Ukraine’s dam break is posing “no short-term risk” to Europe’s biggest atomic plant, despite falling water levels in a reservoir used to cool its reactors, according to the UN nuclear watchdog agency.
Ukraine’s Kakhovka hydroelectric dam was breached on Tuesday following an attack that Moscow and Kyiv have blamed on each other.
The Kakhovka dam sits on the Dnipro river, which feeds a reservoir providing cooling water for the Russian-occupied Zaporizhzhia nuclear power station, Europe’s largest, some 150 kilometres (90 miles) upstream.
– ‘No immediate risk’ –
The International Atomic Energy Agency (IAEA) — which has a team of experts at the plant — said late Tuesday that it saw “no short-term risk to nuclear safety and security”.
Though the reservoir’s water level is falling, the facility has “back-up options available”, the IAEA said in a statement.
Karine Herviou, the deputy head of France’s IRSN nuclear safety regulator, also told AFP there was “no immediate risk to the safety of the plant”.
The plant’s Russian-installed director, Yuri Chernichuk, has insisted there was no security threat to the plant.
But Ukraine — which in 1986 suffered the devastating Chernobyl nuclear disaster — sounded the alarm.
Ukrainian presidential aide Mykhaylo Podolyak said on Tuesday that the world “once again finds itself on the brink of a nuclear disaster”.
– Depleting reservoir –
Water levels were dropping by nine centimetres (3.5 inches) per hour in the reservoir above the dam, up from five centimetres early on Tuesday, IAEA head Rafael Grossi said in a statement.
Water in the reservoir was at around 15.44 metres late Tuesday, he added. When the level drops below 12.7 metres, then water can no longer be pumped to the plant, Grossi warned.
“As the full extent of the damage to the dam is not yet known, and the water loss rate is fluctuating, it is not possible to predict exactly when this might happen,” Grossi said, adding that the key level “could be reached in the next couple of days”.
Existing water at the plant in cooling ponds and elsewhere can then still be used “for some time” to cool the reactors and the spent fuel pools in the reactor buildings, Grossi added.

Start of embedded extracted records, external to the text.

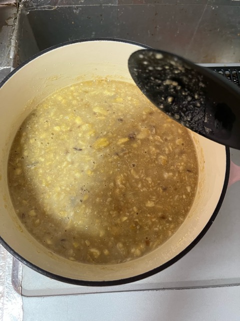⑦鍋に入れたまま、ブレンダーを突っ込んでウィンウィンやればペースト状になります!
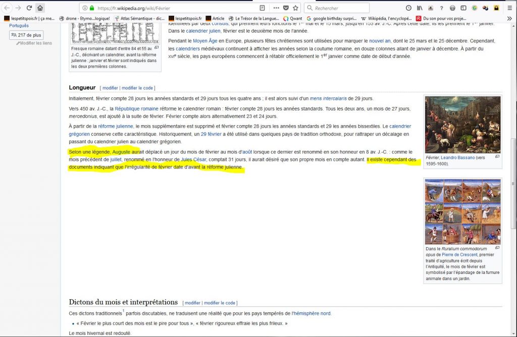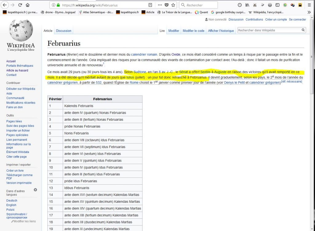Macrobe, Blondel et le Wikipédia vont dans le même sens. Point d’Auguste dans l’histoire, c’était une vaste clownerie ! Si Février n’a que 28 jours c’est à cause “des Dieux des Enfers”!
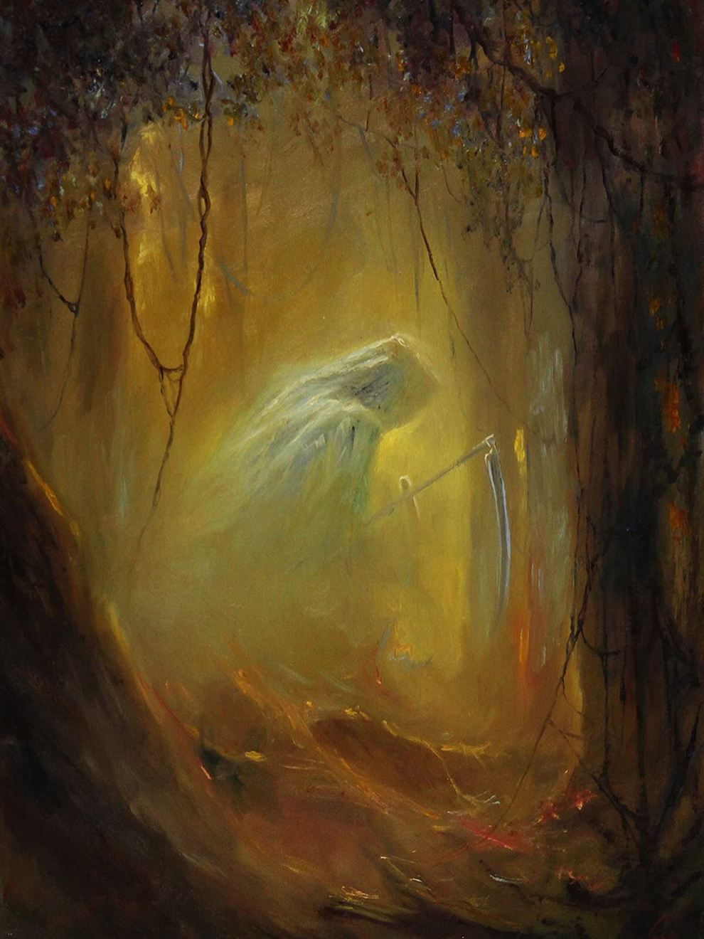 Without formal art training, he started by painting shop signs and funeral ribbons while working at a metal factory, then sold paintings at local markets near Lidzbark Warmiński and Olsztyn before gaining wider recognition for his distinctive style of cosmic horror, barren landscapes and lone figures confronting towering monoliths, cataclysms and horrific entities. His breakthrough came with American doom metal band Bell Witch commissioning the cover for their 2017 album Mirror Reaper, leading to further metal covers and a posthumous legacy managed by his family, with originals and fine‑art prints.
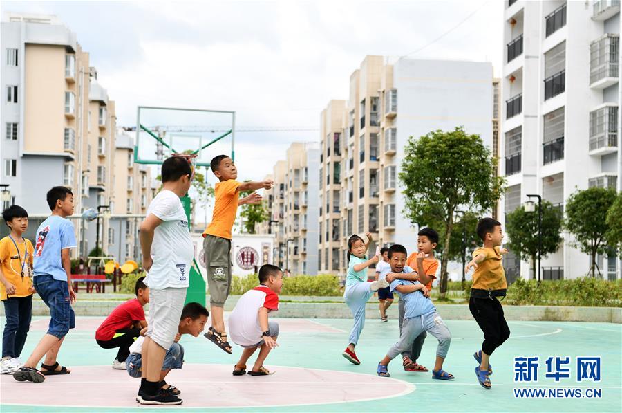 8月13日,在貴州省思南縣雙塘街道麗景社區(qū)易地扶貧搬遷安置點,孩子們和志愿者在丟沙包。新華社記者楊文斌攝

Additionally, a large cooling pond next to the site is “currently full and has enough in storage to supply the plant for several months as its six reactors are in shutdown mode”, Grossi said.

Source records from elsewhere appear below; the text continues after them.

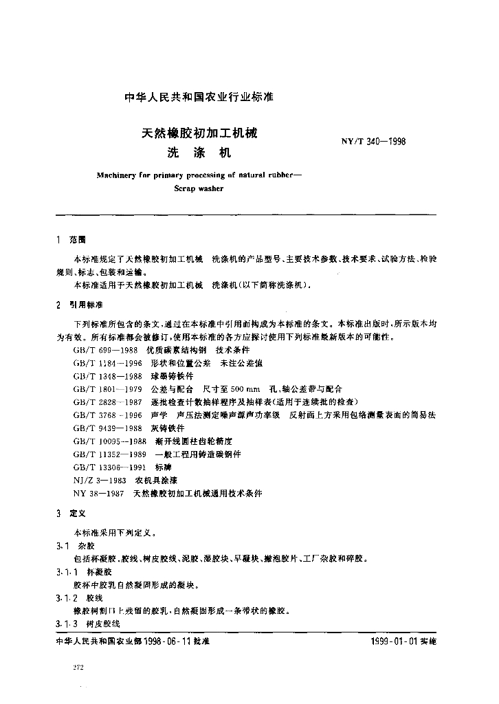 NY/T 340-1998 天然橡胶初加工机械 洗涤机
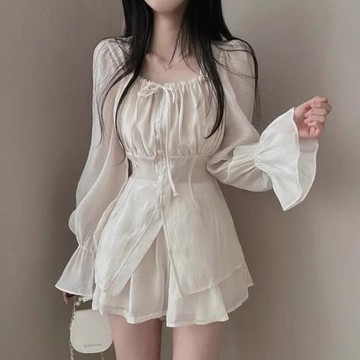 韓國chic夏季法式氣質系帶褶皺喇叭袖防曬襯衫+高腰闊腿短褲套裝
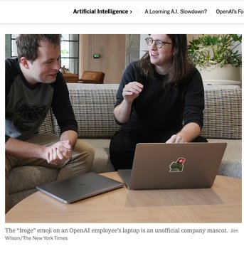 $Froge Is it the official meme mascot of OpenAI? I have found more than 10 clues, and it seems that Froge is more than just a mascot in OpenAI.. 1. The New York Times magazine wrote in an interview with OpenAI that the "froge" emoji on an OpenAI employee's laptop is an unofficial company mascot. nytimes.com/2023/11/22/technol...…
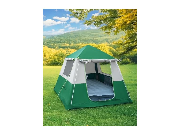 - 【SPACIOUS AND CONVENIENT】The 4-person instant cabin tent is 7.5ft x 7.5ft and fits one full-size mattresses easily with plenty of extra space, you can stand fully upright when changing clothes with a peak height of 5.8ft.
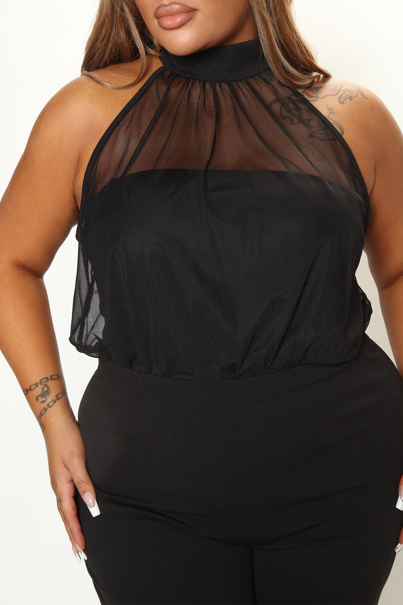 Available In Black. Jumpsuit Mock Neck Mesh Top Detail No Zipper Back Button Closure Stretch Wide Leg 34" Inseam Shell/Contrast: 95% Polyester 5% Spandex Imported California Proposition 65WARNING: Cancer and Reproductive Harm - www.P65Warnings.ca.gov.
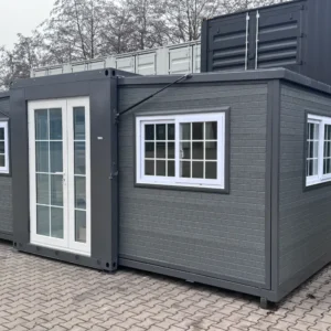 Această căsuță modulară modernă este ideală pentru birouri, spații comerciale temporare sau locuințe de urgență. Construită pe structură metalică solidă, căsuța oferă confort, izolație bună și funcționalitate într-un spațiu compact, dar bine organizat.
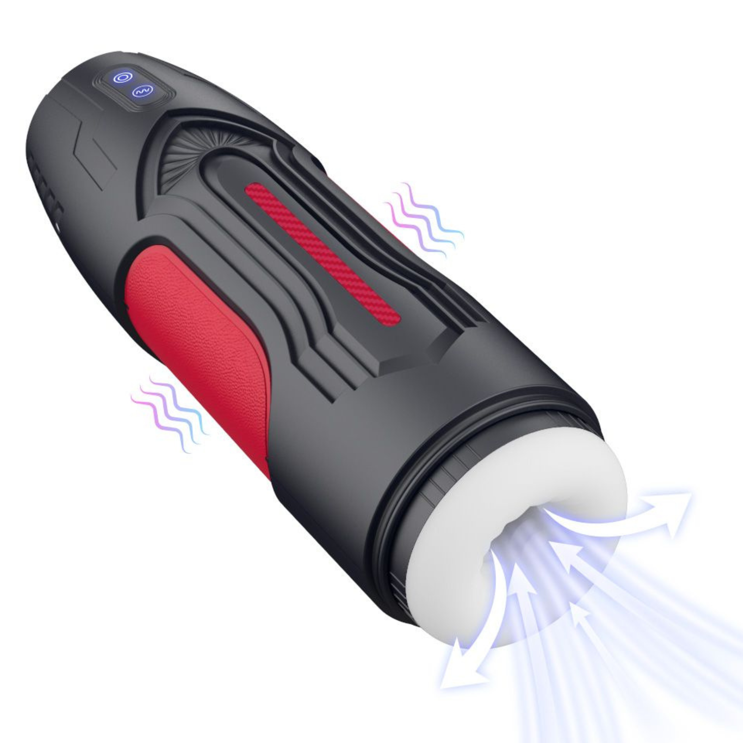 How do I use this masturbator? To turn this machine on. press and hold the round button. The round button will scroll through the 5 suction settings. Press the wavy button to scroll through the 7 vibration functions. Use plenty of to ensure a slick slip and slide off your dick as this masturbator thrusts on you!
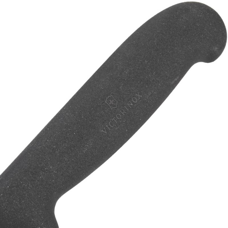Nôž na pečivo a chlieb Victorinox s pevnou čepeľou so zúbkovaním dlhou 21 cm. Rukoväť je z čierneho plastu Fibrox (vynález Victorinox), ktorá zodpovedá požiadavkám smernice (ES) 1935/2004.
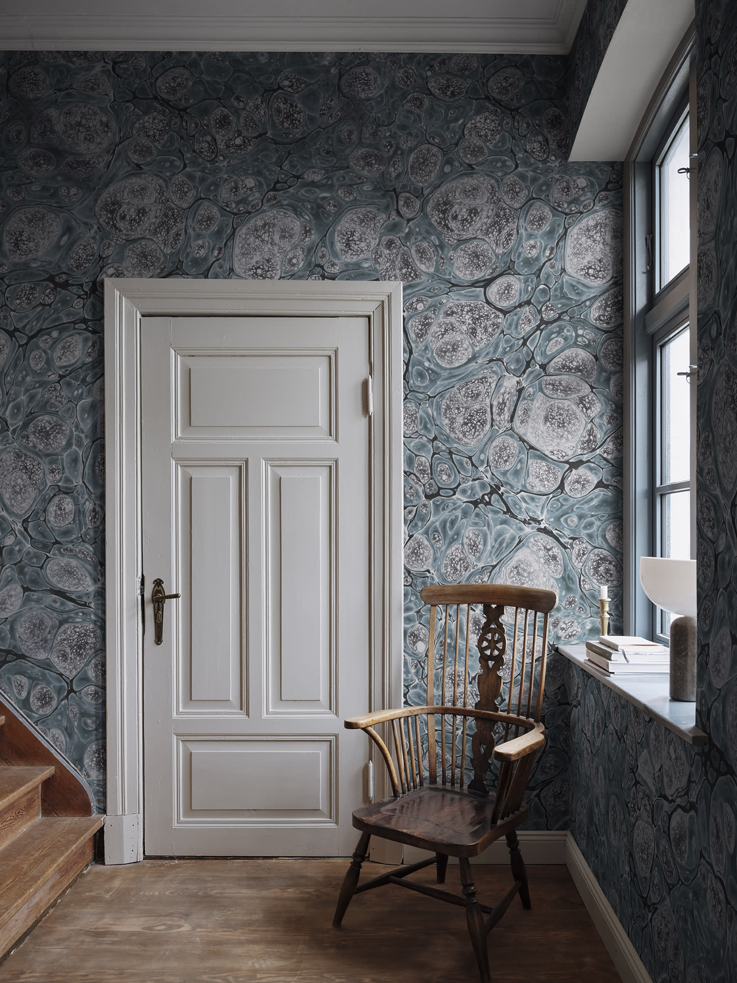 Acest tapet oferă un efect „wow” imediat și satisfăcător! Textura organică și granulată a marmurei oferă o senzație de lux și conferă spațiului tău un aspect elegant, dar și răcoritor. Varianta Blue vine în nuanțe de albastru, alb și negru.
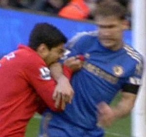 Suarez terlihat menggigit lengan Branislav Ivanovic kendati lolos dari hukuman di atas lapangan karena wasit tidak menyaksikan kejadian tersebut. Suarez lalu mencetak gol yang membuat skor jadi 2-2 dan menyelamatkan timnya dari kekalahan.
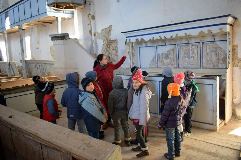 Și e liniște. Singurul zgomot care se mai aude în lăcaș, de când Alina și Radu au renunțat să mai bată clopotele (pentru că sunetul puternic poate adânci fisurile), vine de la grupurile de copii care ajung la ateliere în curtea bisericii sau la casa parohială.

“It is therefore vital that this cooling pond remains intact… I call on all sides to ensure nothing is done to undermine that,” Grossi told a meeting of the agency’s board of governors, adding he will visit the plant next week.
The plant can also access a deep water-filled excavation in its cargo port area, as well as the water system of the nearby city of Enerhodar and use mobile pumps and firefighter trucks to fetch water.
Plant staff have already implemented measures to limit the consumption of water, using it only for “essential nuclear-safety related activities”.
“There is a preparedness for events like this (the dam being damaged)… But clearly, this is making an already very difficult and unpredictable nuclear safety and security situation even more so,” Grossi said.
Herviou, too, said the damaged dam was “worsening” the situation at the plant, but “in any case, we have time” to look for solutions.
– Shut-down reactors –
The plant’s reactors have already been shut down, but they still need cooling water to ensure there is no nuclear disaster.
“Absence of cooling water in the essential cooling water systems for an extended period of time would cause fuel melt and inoperability of the emergency diesel generators,” Grossi warned.
Herviou also said the fact that the reactors have been shut down for several months — the last one in September — was “good news”.
“The impact is therefore lower,” she added.
Grossi has repeatedly called for the protection of the plant as shelling has taken place near it and also several times disrupted its crucial power supply.